Information provided:
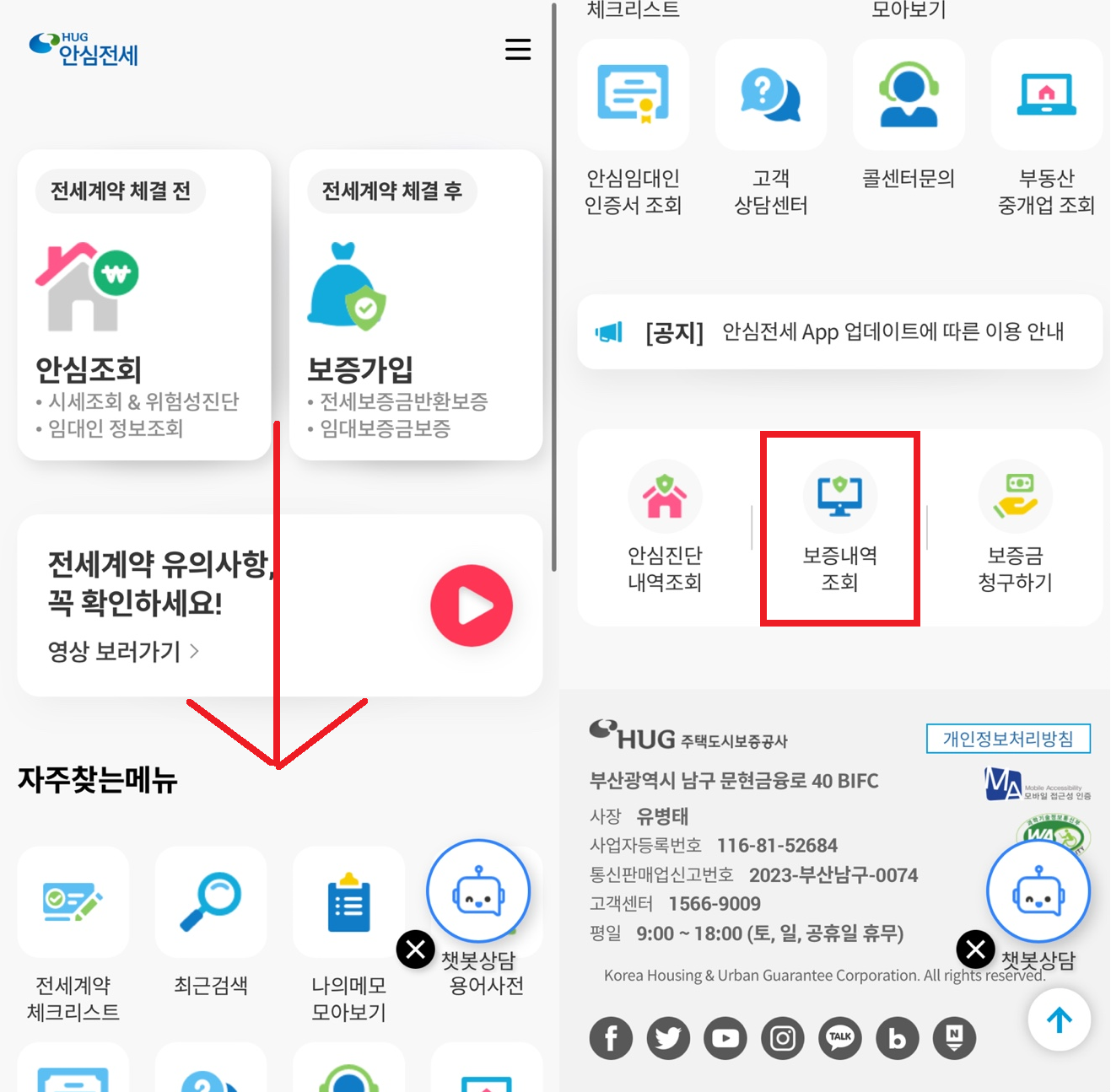 1. HUG안심전세 앱을 다운로드 후 로그인을 하신 다음에 어플 하단으로 스크롤을 내려주세요.
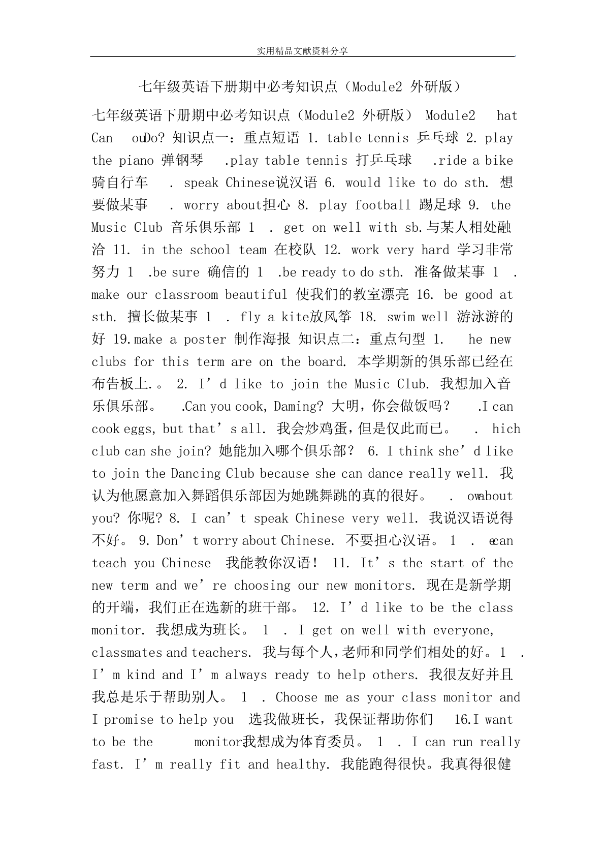实用精品文献资料分享七年级英语下册期中必考知识点(Module2外研版)七年级英语下册期中必考知识点(Module2外研版)Module2WhatCanYouDo?知识点一:重点短语1.tabletennis乒乓球2.playthepiano弹钢琴3.playtabletennis打乒乓球4.rideabike骑自行车5.speakChinese说汉语6.wouldliketodosth.想要做某事7.worryabout担心8.playfootball踢足球9.theMusicClub音乐俱乐部10.g
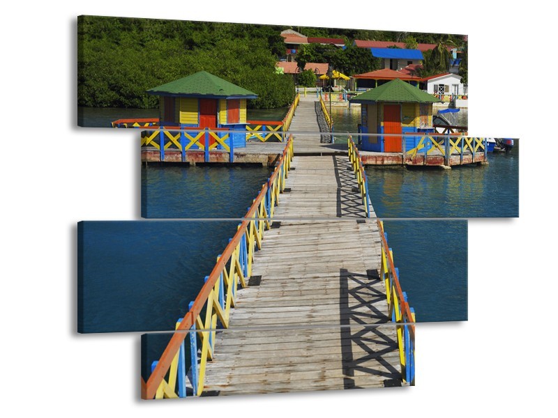 Canvas Schilderij Brug, Water | Blauw, Grijs, Geel | 115x85cm 4Luik

Work to complete:
Output nothing but the lines from the line with "实用精品文献资料分享七年级英" through the last line of the material above, please, word for word and without the pictures.

Output below:
实用精品文献资料分享七年级英语下册期中必考知识点(Module2外研版)七年级英语下册期中必考知识点(Module2外研版)Module2WhatCanYouDo?知识点一:重点短语1.tabletennis乒乓球2.playthepiano弹钢琴3.playtabletennis打乒乓球4.rideabike骑自行车5.speakChinese说汉语6.wouldliketodosth.想要做某事7.worryabout担心8.playfootball踢足球9.theMusicClub音乐俱乐部10.g
 Canvas Schilderij Brug, Water | Blauw, Grijs, Geel | 115x85cm 4Luik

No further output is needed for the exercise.